Awesome Lists containing this project

README

          

# ANLS: Average Normalized Levenshtein Similarity

[![CI](https://github.com/shunk031/ANLS/actions/workflows/ci.yaml/badge.svg)](https://github.com/shunk031/ANLS/actions/workflows/ci.yaml)
[![Release](https://github.com/shunk031/ANLS/actions/workflows/release.yaml/badge.svg)](https://github.com/shunk031/ANLS/actions/workflows/release.yaml)
![Python](https://img.shields.io/badge/python-3.7%20%7C%203.8%20%7C%203.9-blue?logo=python)
[![PyPI](https://img.shields.io/pypi/v/anls.svg)](https://pypi.python.org/pypi/anls)

This python script is based on the one provided by [the Robust Reading Competition](https://rrc.cvc.uab.es/?com=introduction#) for evaluation of the InfographicVQA task.

## The ANLS metric

The Average Normalized Levenshtein Similarity (ANLS) proposed by [[Biten+ ICCV'19](https://arxiv.org/abs/1905.13648)] smoothly captures the OCR mistakes applying a slight penalization in case of correct intended responses, but badly recognized.
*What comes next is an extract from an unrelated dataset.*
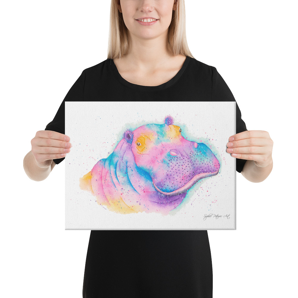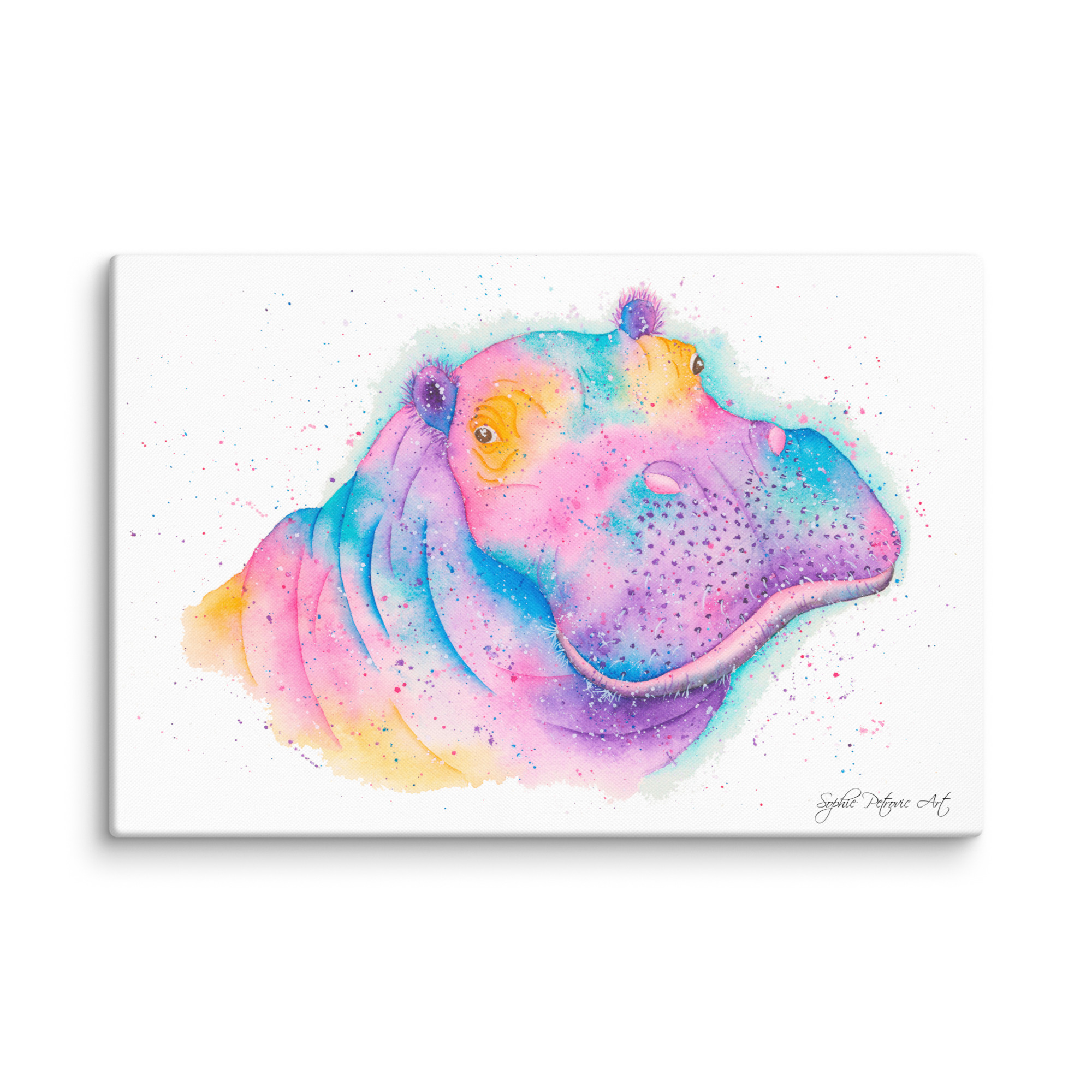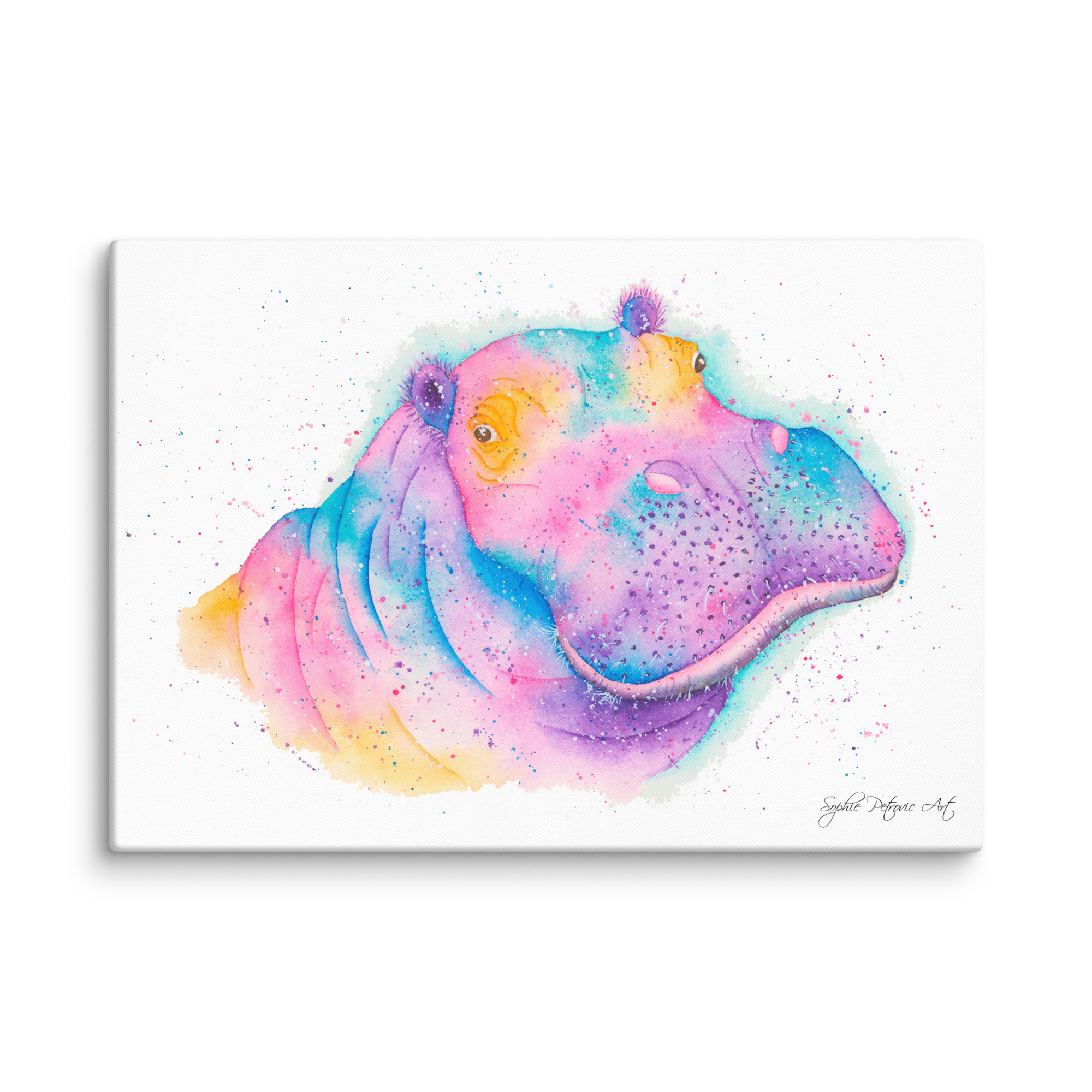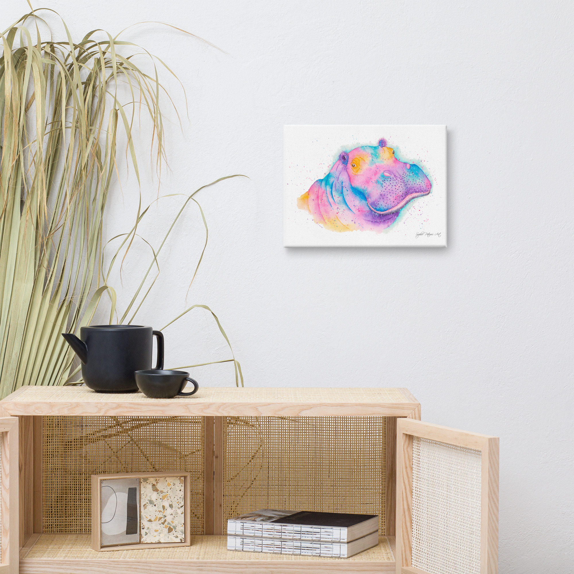 Looking to add a little flair to your room or office? Look no further—this Henry the Hippo Canvas features a vivid, fade-resistant print that you’re bound to fall in love with. Capturing the jolly and surprisingly graceful Henry from our watercolour collection, this piece brings a splash of playful, river-inspired charm to any wall.

It also makes use of a threshold of value 0.5 that dictates whether the output of the metric will be the ANLS if its value is equal or bigger than 0.5 or 0 otherwise. The key point of this threshold is to determine if the answer has been correctly selected but not properly recognized, or on the contrary, the output is a wrong text selected from the options and given as an answer.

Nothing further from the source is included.